Uloric (febuxostat) is a Takeda Pharmaceuticals medication that is designed to lower the blood uric levels among adults diagnosed with gout, which has rapidly become a blockbuster drug since it was introduced in 2009. However, recent research suggests that side effects of Uloric may carry serious heart risks when compared to alternative drug treatments.
On February 21, officials from the U.S. Food and Drug Administration (FDA) announced the new Uloric “boxed” warning, indicating that the prominently placed label information will be required to inform consumers and the medical community about the risk of cardiovascular injury and overall death from combining medications or existing health problems while taking Uloric. Given the serious risk, the warning will be placed in a black box at the top of the label, which is the strongest warning the FDA can require a drug maker to place on their product.
The warning is designed to make sure patients and doctors are aware of increased risks associated with use of Uloric instead of allopurinol, which is an alternative uric acid reduction medication. FDA officials have also updated the Medication Guide to indicate that Uloric should only be prescribed as a secondary medication, when patients taking allopurinol experience severe side effects.
Since the medication was approved by the FDA with warnings about a potential risk of heart attacks, strokes and cardiovascular death, which were seen in its initial clinical trials, the FDA has required additional post-marketing safety research, which have produced concerning results.

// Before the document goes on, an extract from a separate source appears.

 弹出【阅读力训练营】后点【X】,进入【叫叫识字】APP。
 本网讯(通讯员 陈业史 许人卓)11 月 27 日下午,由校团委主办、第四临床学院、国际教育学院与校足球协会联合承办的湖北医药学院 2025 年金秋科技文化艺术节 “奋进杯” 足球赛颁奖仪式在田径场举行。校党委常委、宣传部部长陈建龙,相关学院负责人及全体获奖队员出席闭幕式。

Recent clinical trial data recorded 15 Uloric patient deaths from heart-related causes for every 1,000 patients treated for a year, which compared to 11 deaths from heart-related causes per 1,000 patients treated with allopurinol for a year. In addition, there were 26 deaths from any cause per 1,000 patients treated for a year with Uloric, compared to 22 deaths per 1,000 patients treated for a year with allopurinol.

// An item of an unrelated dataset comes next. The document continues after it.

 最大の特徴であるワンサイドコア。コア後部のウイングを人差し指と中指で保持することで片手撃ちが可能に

As a result of this clinical trial, the FDA’s Arthritis Advisory Committee and Drug Safety and Risk Management Advisory Committee held a meeting in January to review safety data and determine if the health risks of Uloric outweighed the benefits of its use.
Although a Uloric recall was urged by some critics, panelists recommended several drastic Risk Evaluation and Mitigation Strategies (REMS), including keeping Uloric at a centralized pharmacy, and only making it available if both the patient and the physician previously had given informed consent recognizing the increased risk of cardiovascular mortality.

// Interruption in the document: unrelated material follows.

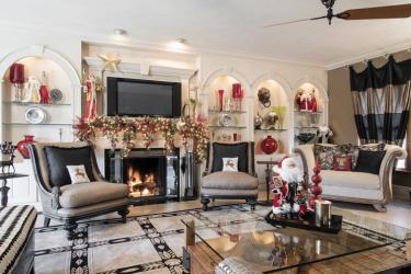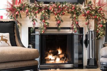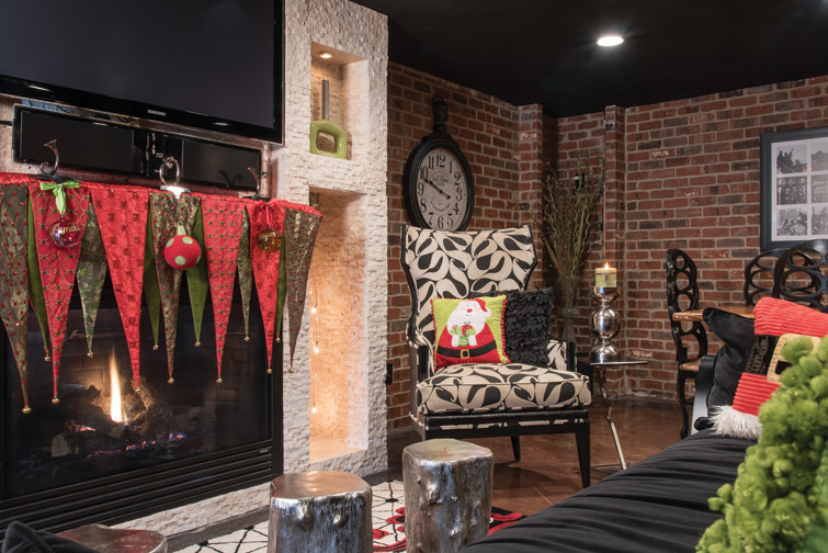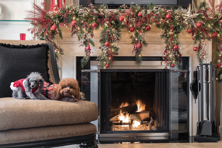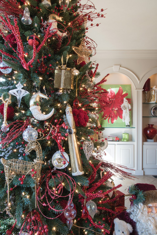 “I like ‘less is more’ in a lot of applications but with the fireplace, more is more. I almost overdo it; I put a lot of sparkle and a lot of lights to it,” says Pamela. The heavy-handedness simply works, particularly in the living room, where evergreen foliage festooned in red and gold ornaments, sprigs and lights cascades from the mantel.

The panel held a 19 to 2 vote that recommended that Uloric be considered a mostly second-line therapy for a select population of patients that experience severe adverse reactions when given allopurinol first.
Since Uloric was approved by the FDA only ten years ago, the drug has was aggressively marketed to the roughly 9 million individuals nationwide who suffer from gout each year, quickly generating annual sales of approximately $1.9 billion by 2017.
However, since Uloric’ s debut on the market, skepticism about the safety of the drug has consistently surfaced. The original concerns about Uloric were raised in a whistleblower lawsuit filed in 2012 by Helen Ge, a former safety consultant with Takeda Pharmaceuticals. In her lawsuit, Ge alleged that Takeda defrauded Medicare and Medicaid by failing to report that Uloric could cause dangerous side effects when used in combination with other drugs, such as digoxin, imuran, methadone, and warfarin. Some of those interactions have been fatal, she warned.
It appears likely that a growing number of Uloric lawsuits may now be filed by individuals who have experienced heart problems or other injuries after using the medication.